PSA, the current test, measures a protein normally produced by the prostate, while the experimental one, called EPCA-2, detects a chemical made principally in cancerous tissue.

Prostate cancer, the most common malignancy in men, can be difficult to detect.

Today, about 80 percent of prostate biopsies find no tumor - a percentage that is rising as physicians search more aggressively for the disease.

"We hope this will minimize the number of unnecessary biopsies," said Robert Getzenberg, a molecular biologist at Johns Hopkins Hospital who developed the new test, which is still under study and not yet commercially available. A description of it appears today in the journal Urology.

Gerald Andriole, chief of urology at Washington University's medical school, said: "If the data hold up, this marker will be a substantial improvement over PSA."

The PSA test casts a net that is too big and too full of holes. Finding a replacement that catches fewer healthy men, but more of those who do have cancer, would help settle one clinical conundrum.

The test is being developed by researchers at Johns Hopkins and a Seattle biotech company called Onconome. It could be commercially available in 2008.

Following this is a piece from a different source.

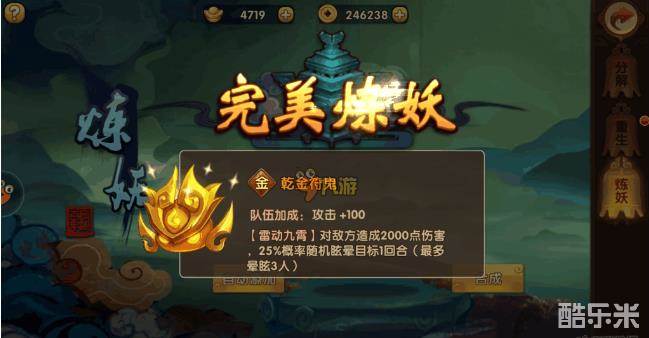 除了前往桃源界抓符鬼,就是在炼化界面直接炼妖了。桃源界每次抓符鬼消耗2点耐力,几率抓到只有自己能看见的专属符鬼,可以抓到蓝色和紫色品质的符鬼,失败也可以继续抓。炼妖需要伙伴和妖灵石,不同品质的伙伴和妖灵石搭配,合成的符鬼概率也不同,基本上橙色伙伴加上蓝色妖灵石就有20%几率出橙色伙伴了。

About 230,000 American men are diagnosed with prostate cancer each year, and about 30,000 die of it. The death rate is 2.5 times higher in blacks than in whites.

Men are screened in two ways - by rectal exam and by the PSA (prostate-specific antigen) test. If a doctor feels a lump or the PSA is above 2.5 (nanograms per milliliter of plasma), most physicians will suggest a biopsy.

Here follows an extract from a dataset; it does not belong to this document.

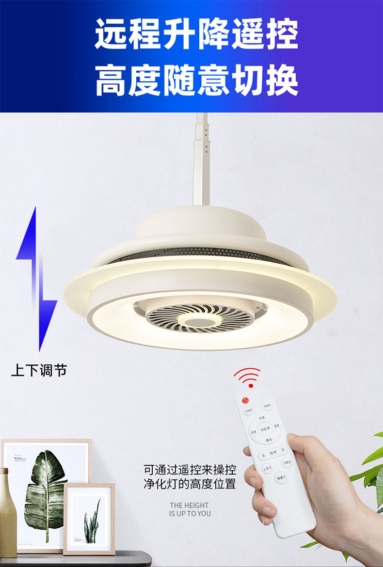 【功能】高亮LED照明、三色變光、遙控升降、雙漩渦出風口
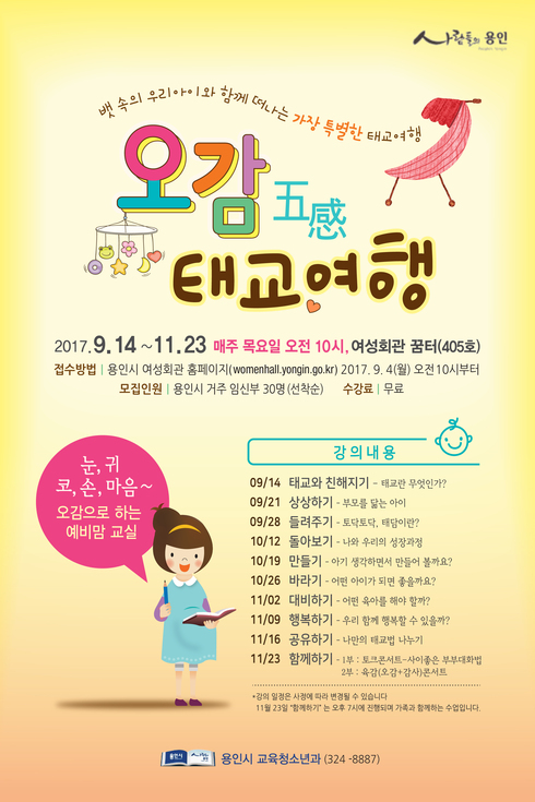 [시사인경제] 용인시는 임산부들이 오감활동을 통해 태아와 친밀감을 형성하고 부모가 될 준비를 할 수 있도록 돕는 ‘오감태교여행’ 강좌를 개설해 오는 9월 4일부터 선착순으로 수강생을 모집한다고 밝혔다.

EPCA-2 is a protein that is part of the "nuclear matrix," the scaffolding inside a cell's nucleus that helps it copy its genes. The Hopkins researchers tested it on 30 men with PSA readings above 2.5 in whom biopsies found no cancer. All had normal EPCA-2 readings (below 30 nanograms per milliliter). This suggested that the test might eliminate many of the "false-positive" PSA results.

On the other hand, EPCA-2 appears able to detect cancer even when the tumor is small. It identified 36 out of 40 men who had cancer confined to the prostate gland and 39 out of 40 men in whom the tumor had spread. It also detected many men - 14 out of 18 - who had cancer but whose PSAs were normal.

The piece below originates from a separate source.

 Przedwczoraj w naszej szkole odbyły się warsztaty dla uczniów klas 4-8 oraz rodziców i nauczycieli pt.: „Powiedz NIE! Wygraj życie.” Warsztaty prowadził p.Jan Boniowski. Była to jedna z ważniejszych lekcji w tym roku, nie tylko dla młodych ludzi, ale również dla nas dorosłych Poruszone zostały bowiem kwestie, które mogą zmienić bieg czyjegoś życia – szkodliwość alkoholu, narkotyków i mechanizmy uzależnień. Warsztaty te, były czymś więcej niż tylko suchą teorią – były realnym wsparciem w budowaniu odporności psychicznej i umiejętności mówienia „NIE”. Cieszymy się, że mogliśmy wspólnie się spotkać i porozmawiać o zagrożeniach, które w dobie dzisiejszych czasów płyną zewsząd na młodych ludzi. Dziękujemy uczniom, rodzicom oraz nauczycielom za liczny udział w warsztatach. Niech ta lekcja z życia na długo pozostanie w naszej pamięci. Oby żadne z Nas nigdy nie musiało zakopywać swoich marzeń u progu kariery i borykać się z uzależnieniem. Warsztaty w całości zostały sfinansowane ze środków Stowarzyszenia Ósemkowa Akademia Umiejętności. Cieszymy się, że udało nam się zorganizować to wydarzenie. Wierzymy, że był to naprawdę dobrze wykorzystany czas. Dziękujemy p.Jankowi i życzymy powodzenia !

This last group is especially worrisome. A study published three years ago found that about 12 percent of men with normal PSAs have cancer.

The new test is not perfect, though. Getzenberg and his colleagues tried it on 35 men with severe "benign prostatic hypertrophy" - enlargement of the prostate that sometimes makes the PSA go up but isn't cancer. In eight of them the EPCA-2 was high, suggesting that the EPCA-2 test would flag some who turn out not to have cancer - although probably not as many as PSA does.